Auto-discovery tag missing from HTML head. A feed can exist at /rss.xml and be perfectly valid, but if there is no <link rel="alternate" type="application/rss+xml"> tag in the page's <head>, automated discovery systems checking only the HTML may never find it.
How AI Engines Evaluate This
Perplexity operates one of the most feed-aware indexing systems among AI engines. It polls RSS feeds from known domains on a 1-6 hour cycle, using feed items as a real-time content discovery mechanism. Sites with full-content feeds get their new articles evaluated and potentially indexed within the same polling cycle - often under 4 hours from publication. Sites without feeds wait for Perplexity's general crawl schedule.

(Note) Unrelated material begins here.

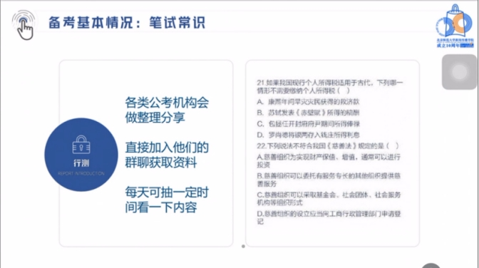 高琴师姐首先从笔试常识部分讲起。常识部分是各个公考机构都会做整理分享的一部分,也是大家在备考的过程中不需要花太多时间去看的内容,师姐建议大家去看公考机构做的一些整理分享即可。

Google's Pubsubhubbub (WebSub) protocol enables near-instant push notification when a feed updates. Sites implementing WebSub pings see their new content reflected in Google's AI Overviews within minutes. This is the fastest path to AI visibility for new content and is natively supported by WordPress and most major CMS platforms.
ChatGPT's browsing and retrieval systems use feeds as a supplementary discovery mechanism. While ChatGPT's primary content source is its training data and web search, its retrieval-augmented generation pipeline benefits from feed-based discovery for timely queries. A question about "latest developments in X" will surface feed-discovered content that may not yet appear in traditional search indexes.
Claude's web search retrieval checks feed availability as a domain quality signal. Domains with active, well-maintained feeds indicate ongoing content investment and are weighted slightly higher for queries where recency matters.
Resources
Key Takeaways
- Publish a valid RSS 2.0 or Atom feed and add an auto-discovery <link> tag in your HTML head.
- Include full article content in content:encoded - not just titles and truncated teasers.
- Keep at least 50 items in your feed so new content is not rotated out before crawlers discover it.
- Add pubDate to every feed item - undated entries are deprioritized by indexing pipelines.